Norman H. Wolfe, Washington, D. C., Charles K. Rice, Asst. Atty. Gen., Lee A. Jackson, C. Guy Tadlock, Attys., Dept. of Justice, Washington, D. C., for respondent.
Before LUMBARD, Chief Judge, HAND, Circuit Judge, and JAMESON, District Judge.
HAND, Circuit Judge.
Lester, the taxpayer, petitions to review an order of the United States Tax Court, holding him liable for deficiencies in his income tax for the years 1951-52, based upon the disallowance of deductions claimed by him as payments of alimony. The facts were as follows: Lester and his wife had three children, aged 13, 11 and 9. They lived in Los Angeles and had been married on August 24, 1934. On April 16, 1951, while the wife was still living in California, though he had himself moved to New York, they entered into an agreement in anticipation of a divorce. This agreement provided that the custody and control of the children should be given to the wife subject to plaintiff's reasonable right of visitation and of having the children with him for thirty days during the summer vacation. The important provision was paragraph 11, which we quote in part:
"11. The husband agrees to pay the wife for the support and maintenance of herself and the children of the parties, namely, Judy Lester, Joan Lester, and Jay Lester, the following amounts commencing with the effective date of this agreement (as said term is hereinafter defined in subdivision (j) of this Article 11):
"(a) For the period ending December 31, 1951, a sum equal to 50% of the husband's gross income commencing with the effective date of this agreement, but not in excess of a total sum of $50,000.
"(b) For the calendar year immediately following the period set forth in subdivision (a) hereof, a sum equal to 25% of the husband's annual gross income during said period of one year, but not in excess of a total sum of $45,000.

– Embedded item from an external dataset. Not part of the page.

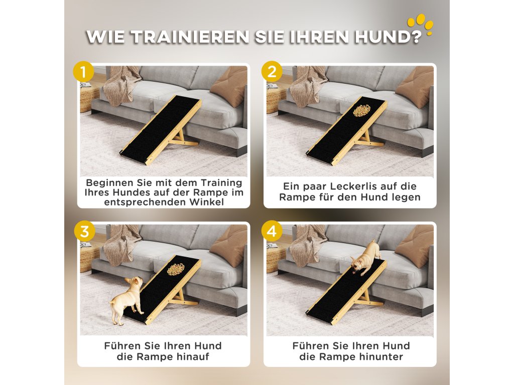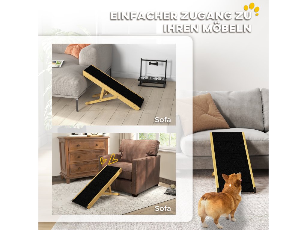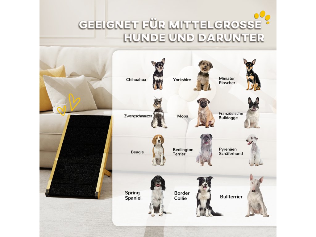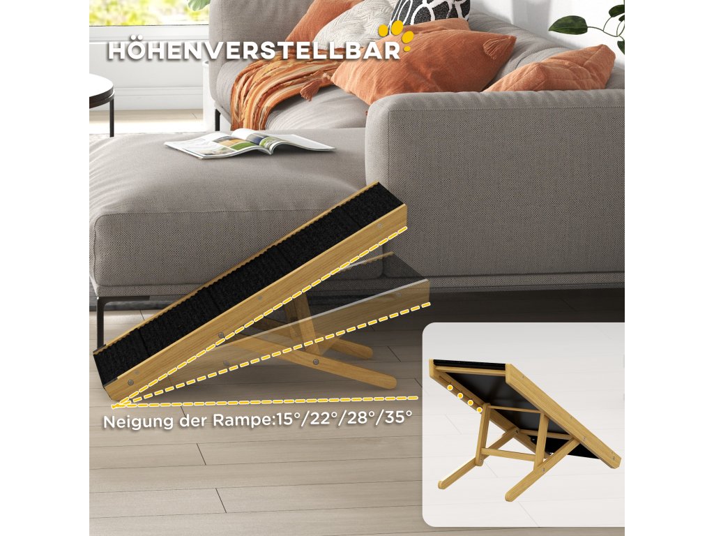 PawHut rampa pro zvířata, nastavitelná, 4 stupně, protiskluzová, borovicové dřevo, skládací, pro psy do 15 kg
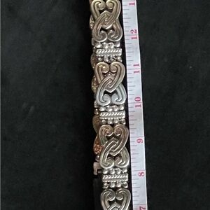 Elegant Brighton belt with intricate silver detailing. Features a black leather strap and ornate silver buckle.

"(c) For the calendar year immediately following the period set forth in subdivision (b) hereof, a sum equal to 25% of the husband's annual gross income during said period of one year, but not in excess of the total sum of $45,000.
"(d) For each year immediately following the period set forth in subdivision (c) hereof, a sum equal to 20% of husband's annual gross income during each such year, but not in excess of that sum each year which, after the payment of all income taxes assessable upon the wife with respect to the amounts thus paid to the wife shall equal $15,600.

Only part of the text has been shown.